» Task
In the material below, pictures must be dropped. Repeat exactly, and only, the lines from the line with "春笋兑换建筑推荐 1、面塑摊,30级解锁。 2、米市巷绣球,31级解锁。" to the line with "14. 传统文化情境 中国四大发明", both ends included.

» Provided records
....................

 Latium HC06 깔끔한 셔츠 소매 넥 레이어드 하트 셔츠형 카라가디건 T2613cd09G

....................

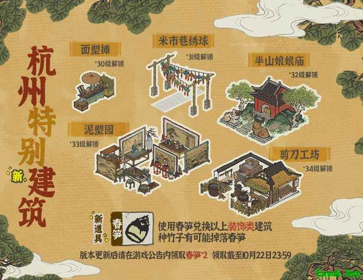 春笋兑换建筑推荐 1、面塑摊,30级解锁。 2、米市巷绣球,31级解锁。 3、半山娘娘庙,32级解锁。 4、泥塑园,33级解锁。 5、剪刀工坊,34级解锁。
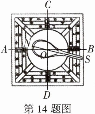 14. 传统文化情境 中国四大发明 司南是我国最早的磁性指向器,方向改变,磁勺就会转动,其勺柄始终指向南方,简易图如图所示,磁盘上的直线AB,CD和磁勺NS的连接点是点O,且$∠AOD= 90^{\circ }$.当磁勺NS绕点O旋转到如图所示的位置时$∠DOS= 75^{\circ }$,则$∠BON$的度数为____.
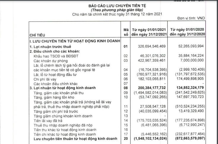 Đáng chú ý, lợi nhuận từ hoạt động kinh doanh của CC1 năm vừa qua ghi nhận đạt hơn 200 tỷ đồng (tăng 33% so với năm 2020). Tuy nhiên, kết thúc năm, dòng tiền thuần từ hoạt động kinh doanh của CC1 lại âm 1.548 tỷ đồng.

....................

» Written answer
 春笋兑换建筑推荐 1、面塑摊,30级解锁。 2、米市巷绣球,31级解锁。 3、半山娘娘庙,32级解锁。 4、泥塑园,33级解锁。 5、剪刀工坊,34级解锁。
 14. 传统文化情境 中国四大发明 司南是我国最早的磁性指向器,方向改变,磁勺就会转动,其勺柄始终指向南方,简易图如图所示,磁盘上的直线AB,CD和磁勺NS的连接点是点O,且$∠AOD= 90^{\circ }$.当磁勺NS绕点O旋转到如图所示的位置时$∠DOS= 75^{\circ }$,则$∠BON$的度数为____.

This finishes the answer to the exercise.